In these three sectors, the largest variable is the domestic biased tire production enterprises. According to the new consumption tax policy, the tax rate for biased tires will be reduced from the previous 10% to 3%. Although the 7% rate of decline has brought billions of profit opportunities for many skewed-children enterprises, the chairman of the China Rubber Industry Association, Geng Hongzhen, still issued a warning: if a skewed tire manufacturer fails to make good use of national policies, it will increase its accumulation. Technological transformation will face the danger of being eliminated.

Technical services determine success or failure

Huge car ownership and a continuously growing auto market make the domestic tire market destined to continue prospering. According to Yefei’s prediction, the tire industry in China will continue to grow at a rate of 15% this year. As for the prediction of tire overcapacity, some people in the industry believe that it is simply a result of the “structural” surplus caused by too many biased tires and poor product technology.

The tire industry is a combination of labor-intensive and technology-intensive industries. Although China's tire industry still has a certain cost advantage, labor costs in foreign countries generally exceed 15%, while labor costs in China do not exceed 5%. With foreign investment in China to set up factories, this comparative advantage is gradually losing. Therefore, grasping the R&D and upgrading of radial tire technology has become a top priority for domestic tire companies.

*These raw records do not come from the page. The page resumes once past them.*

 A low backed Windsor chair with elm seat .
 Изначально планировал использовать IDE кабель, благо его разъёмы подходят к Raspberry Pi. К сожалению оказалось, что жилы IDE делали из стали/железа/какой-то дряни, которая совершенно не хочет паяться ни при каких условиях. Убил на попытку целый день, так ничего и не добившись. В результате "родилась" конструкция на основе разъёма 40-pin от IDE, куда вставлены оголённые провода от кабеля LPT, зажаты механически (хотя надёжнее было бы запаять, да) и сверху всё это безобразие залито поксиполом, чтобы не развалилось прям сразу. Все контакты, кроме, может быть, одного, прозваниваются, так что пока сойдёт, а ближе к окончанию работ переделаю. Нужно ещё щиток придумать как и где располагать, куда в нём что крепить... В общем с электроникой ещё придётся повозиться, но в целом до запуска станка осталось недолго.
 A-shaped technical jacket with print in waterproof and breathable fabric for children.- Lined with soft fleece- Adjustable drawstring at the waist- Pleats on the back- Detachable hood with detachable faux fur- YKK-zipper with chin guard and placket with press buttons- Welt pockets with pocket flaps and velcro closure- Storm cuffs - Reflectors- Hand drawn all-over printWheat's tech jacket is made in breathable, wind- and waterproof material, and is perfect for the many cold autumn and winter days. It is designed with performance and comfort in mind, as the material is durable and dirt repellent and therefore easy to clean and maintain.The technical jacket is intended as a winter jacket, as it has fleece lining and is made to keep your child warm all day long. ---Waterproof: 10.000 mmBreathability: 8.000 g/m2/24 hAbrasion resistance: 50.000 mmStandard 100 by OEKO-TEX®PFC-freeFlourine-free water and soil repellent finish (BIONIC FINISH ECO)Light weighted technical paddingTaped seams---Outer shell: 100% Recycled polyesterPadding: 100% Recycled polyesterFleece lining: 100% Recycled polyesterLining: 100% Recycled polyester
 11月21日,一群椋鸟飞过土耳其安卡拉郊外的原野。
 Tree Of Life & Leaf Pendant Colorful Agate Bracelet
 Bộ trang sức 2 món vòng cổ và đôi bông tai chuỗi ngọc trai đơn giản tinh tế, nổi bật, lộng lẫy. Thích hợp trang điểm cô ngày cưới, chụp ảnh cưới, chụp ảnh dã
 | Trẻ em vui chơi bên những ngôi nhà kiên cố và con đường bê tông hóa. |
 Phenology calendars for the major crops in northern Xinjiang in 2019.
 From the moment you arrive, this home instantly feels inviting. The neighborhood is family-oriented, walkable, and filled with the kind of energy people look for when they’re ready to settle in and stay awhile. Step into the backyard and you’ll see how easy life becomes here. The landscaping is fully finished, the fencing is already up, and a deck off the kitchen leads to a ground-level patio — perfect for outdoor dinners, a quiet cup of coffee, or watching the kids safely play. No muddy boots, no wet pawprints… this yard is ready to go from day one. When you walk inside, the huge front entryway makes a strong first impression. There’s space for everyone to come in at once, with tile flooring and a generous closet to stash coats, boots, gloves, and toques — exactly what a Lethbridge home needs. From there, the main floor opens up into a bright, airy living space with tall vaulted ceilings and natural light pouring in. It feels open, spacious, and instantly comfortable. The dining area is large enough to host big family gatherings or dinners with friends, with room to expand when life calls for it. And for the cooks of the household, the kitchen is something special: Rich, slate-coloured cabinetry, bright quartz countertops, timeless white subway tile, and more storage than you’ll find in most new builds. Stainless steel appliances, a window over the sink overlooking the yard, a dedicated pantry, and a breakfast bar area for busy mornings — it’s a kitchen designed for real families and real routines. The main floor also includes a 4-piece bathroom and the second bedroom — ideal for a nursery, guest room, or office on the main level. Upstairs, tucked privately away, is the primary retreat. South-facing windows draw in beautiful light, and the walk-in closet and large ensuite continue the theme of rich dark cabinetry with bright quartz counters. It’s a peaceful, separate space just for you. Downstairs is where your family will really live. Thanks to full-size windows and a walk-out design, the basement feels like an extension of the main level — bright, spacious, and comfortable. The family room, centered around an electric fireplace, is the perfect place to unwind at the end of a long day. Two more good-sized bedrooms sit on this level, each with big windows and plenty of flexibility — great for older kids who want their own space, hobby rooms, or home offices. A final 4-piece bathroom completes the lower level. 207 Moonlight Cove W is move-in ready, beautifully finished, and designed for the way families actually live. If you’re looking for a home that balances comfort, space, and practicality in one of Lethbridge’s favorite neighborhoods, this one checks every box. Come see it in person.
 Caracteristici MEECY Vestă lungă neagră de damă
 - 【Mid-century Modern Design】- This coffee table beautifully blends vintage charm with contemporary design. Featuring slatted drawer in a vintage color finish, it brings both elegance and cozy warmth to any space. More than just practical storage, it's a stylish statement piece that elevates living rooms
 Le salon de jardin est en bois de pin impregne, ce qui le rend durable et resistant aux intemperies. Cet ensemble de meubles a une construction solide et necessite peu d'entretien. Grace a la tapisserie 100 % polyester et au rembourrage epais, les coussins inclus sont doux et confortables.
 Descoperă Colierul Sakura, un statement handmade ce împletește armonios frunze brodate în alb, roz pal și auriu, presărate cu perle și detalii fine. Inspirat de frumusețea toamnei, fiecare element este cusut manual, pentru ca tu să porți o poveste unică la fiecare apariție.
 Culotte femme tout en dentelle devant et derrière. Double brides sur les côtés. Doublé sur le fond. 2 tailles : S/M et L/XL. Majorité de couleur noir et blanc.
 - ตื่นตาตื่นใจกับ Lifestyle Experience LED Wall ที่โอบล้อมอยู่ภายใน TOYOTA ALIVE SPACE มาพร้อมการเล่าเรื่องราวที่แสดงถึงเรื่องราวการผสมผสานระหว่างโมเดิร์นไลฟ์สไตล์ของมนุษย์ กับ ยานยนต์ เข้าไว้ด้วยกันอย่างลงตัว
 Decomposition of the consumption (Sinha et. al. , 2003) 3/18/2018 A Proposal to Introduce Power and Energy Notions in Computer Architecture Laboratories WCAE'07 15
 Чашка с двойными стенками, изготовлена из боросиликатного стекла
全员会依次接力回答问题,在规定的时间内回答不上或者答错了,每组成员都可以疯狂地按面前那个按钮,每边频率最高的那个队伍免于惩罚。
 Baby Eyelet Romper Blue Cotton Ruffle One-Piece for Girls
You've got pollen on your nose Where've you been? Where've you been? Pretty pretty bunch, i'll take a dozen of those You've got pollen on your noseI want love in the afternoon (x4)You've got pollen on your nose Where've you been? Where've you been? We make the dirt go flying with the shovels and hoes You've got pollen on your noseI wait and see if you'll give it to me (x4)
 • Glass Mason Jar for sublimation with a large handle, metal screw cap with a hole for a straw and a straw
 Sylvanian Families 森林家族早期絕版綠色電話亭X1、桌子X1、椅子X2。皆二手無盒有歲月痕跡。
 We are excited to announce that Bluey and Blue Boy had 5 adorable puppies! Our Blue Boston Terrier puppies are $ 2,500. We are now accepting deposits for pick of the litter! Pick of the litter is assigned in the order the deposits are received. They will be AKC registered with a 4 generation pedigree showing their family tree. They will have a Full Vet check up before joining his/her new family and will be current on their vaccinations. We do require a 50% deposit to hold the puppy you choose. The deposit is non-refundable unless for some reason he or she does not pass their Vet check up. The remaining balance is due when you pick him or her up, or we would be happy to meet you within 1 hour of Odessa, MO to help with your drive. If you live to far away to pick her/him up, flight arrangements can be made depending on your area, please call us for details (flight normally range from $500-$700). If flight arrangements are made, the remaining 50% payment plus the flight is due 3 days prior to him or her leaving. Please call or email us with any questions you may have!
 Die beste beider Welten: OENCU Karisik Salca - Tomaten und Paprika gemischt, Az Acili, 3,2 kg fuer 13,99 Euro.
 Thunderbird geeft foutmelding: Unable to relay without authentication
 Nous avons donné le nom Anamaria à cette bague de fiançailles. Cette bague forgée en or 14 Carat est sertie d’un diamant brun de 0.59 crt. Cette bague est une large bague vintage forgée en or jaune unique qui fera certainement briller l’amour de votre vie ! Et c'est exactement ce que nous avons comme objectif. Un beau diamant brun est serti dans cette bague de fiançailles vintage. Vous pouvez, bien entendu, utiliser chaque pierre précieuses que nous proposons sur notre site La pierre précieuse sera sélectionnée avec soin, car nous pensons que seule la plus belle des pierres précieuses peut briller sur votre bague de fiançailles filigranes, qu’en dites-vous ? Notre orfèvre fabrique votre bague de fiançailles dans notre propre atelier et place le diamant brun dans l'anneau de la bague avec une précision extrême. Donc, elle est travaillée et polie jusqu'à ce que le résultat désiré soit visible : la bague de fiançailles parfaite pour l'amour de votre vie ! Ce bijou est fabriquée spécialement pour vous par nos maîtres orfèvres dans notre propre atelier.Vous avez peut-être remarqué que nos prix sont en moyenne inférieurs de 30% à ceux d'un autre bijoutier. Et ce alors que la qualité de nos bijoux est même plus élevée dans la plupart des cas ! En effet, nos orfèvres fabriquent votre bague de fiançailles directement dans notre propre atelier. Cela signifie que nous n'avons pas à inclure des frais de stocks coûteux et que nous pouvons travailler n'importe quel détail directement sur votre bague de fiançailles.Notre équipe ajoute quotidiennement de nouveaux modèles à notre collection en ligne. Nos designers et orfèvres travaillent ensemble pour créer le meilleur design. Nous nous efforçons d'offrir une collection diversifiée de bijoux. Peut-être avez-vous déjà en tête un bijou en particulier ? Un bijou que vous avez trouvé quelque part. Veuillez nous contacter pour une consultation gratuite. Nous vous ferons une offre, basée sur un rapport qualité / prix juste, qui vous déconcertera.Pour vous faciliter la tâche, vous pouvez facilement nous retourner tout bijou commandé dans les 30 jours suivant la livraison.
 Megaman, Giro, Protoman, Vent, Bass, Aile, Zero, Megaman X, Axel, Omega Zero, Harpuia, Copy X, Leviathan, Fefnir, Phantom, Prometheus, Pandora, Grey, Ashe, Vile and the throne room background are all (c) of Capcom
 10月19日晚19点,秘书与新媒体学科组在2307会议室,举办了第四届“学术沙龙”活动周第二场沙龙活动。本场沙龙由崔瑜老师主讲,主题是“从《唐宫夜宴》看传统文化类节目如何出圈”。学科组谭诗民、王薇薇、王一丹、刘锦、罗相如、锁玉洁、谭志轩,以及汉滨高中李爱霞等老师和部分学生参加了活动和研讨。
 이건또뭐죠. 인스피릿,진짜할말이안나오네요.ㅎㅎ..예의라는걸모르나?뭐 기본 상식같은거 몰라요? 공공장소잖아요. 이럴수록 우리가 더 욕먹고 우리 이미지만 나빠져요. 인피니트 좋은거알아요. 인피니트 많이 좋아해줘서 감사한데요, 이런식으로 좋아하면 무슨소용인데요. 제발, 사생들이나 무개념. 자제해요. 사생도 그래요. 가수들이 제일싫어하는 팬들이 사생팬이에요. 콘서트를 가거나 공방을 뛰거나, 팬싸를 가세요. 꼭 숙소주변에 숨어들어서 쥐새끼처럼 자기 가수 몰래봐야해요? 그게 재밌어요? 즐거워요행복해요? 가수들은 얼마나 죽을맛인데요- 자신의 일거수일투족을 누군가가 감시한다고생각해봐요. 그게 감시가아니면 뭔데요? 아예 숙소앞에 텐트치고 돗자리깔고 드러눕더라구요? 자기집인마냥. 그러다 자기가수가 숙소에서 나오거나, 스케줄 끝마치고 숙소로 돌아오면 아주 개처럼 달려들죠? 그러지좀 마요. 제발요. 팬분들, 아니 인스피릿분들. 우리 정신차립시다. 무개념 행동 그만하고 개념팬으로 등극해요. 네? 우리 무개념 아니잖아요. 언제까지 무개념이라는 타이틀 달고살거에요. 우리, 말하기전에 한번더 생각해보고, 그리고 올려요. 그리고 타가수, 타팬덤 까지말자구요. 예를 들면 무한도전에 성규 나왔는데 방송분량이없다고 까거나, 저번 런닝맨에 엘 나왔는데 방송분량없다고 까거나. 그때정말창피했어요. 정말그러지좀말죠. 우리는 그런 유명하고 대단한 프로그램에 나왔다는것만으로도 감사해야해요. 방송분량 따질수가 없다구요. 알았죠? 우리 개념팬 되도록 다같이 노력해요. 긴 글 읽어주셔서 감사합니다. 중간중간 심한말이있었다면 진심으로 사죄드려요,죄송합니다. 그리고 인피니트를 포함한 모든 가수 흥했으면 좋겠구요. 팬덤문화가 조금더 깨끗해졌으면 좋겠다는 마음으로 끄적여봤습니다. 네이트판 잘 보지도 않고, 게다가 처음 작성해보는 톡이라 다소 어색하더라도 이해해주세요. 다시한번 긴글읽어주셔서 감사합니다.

According to professionals, compared with the original market, the replacement of the tire market is twice that, accounting for nearly 70% of the entire tire market, the role of after-sales service in the tire industry can not be underestimated. In response, Hou Yucheng, vice president of Triangle Tire Co., Ltd. suggested that Chinese companies should use their "home-grown" advantages to gain the initiative in competition. While paying attention to differentiated production and reducing costs by expanding scale, we must strengthen the construction of after-sales services. He also predicted that the future tire market will be an increasingly competitive market. In the long run, the entry of foreign-funded enterprises will also increase the overall level of the tire industry in China, and at the same time it will further integrate the industry. A large number of mergers and acquisitions will also take place in three to five years.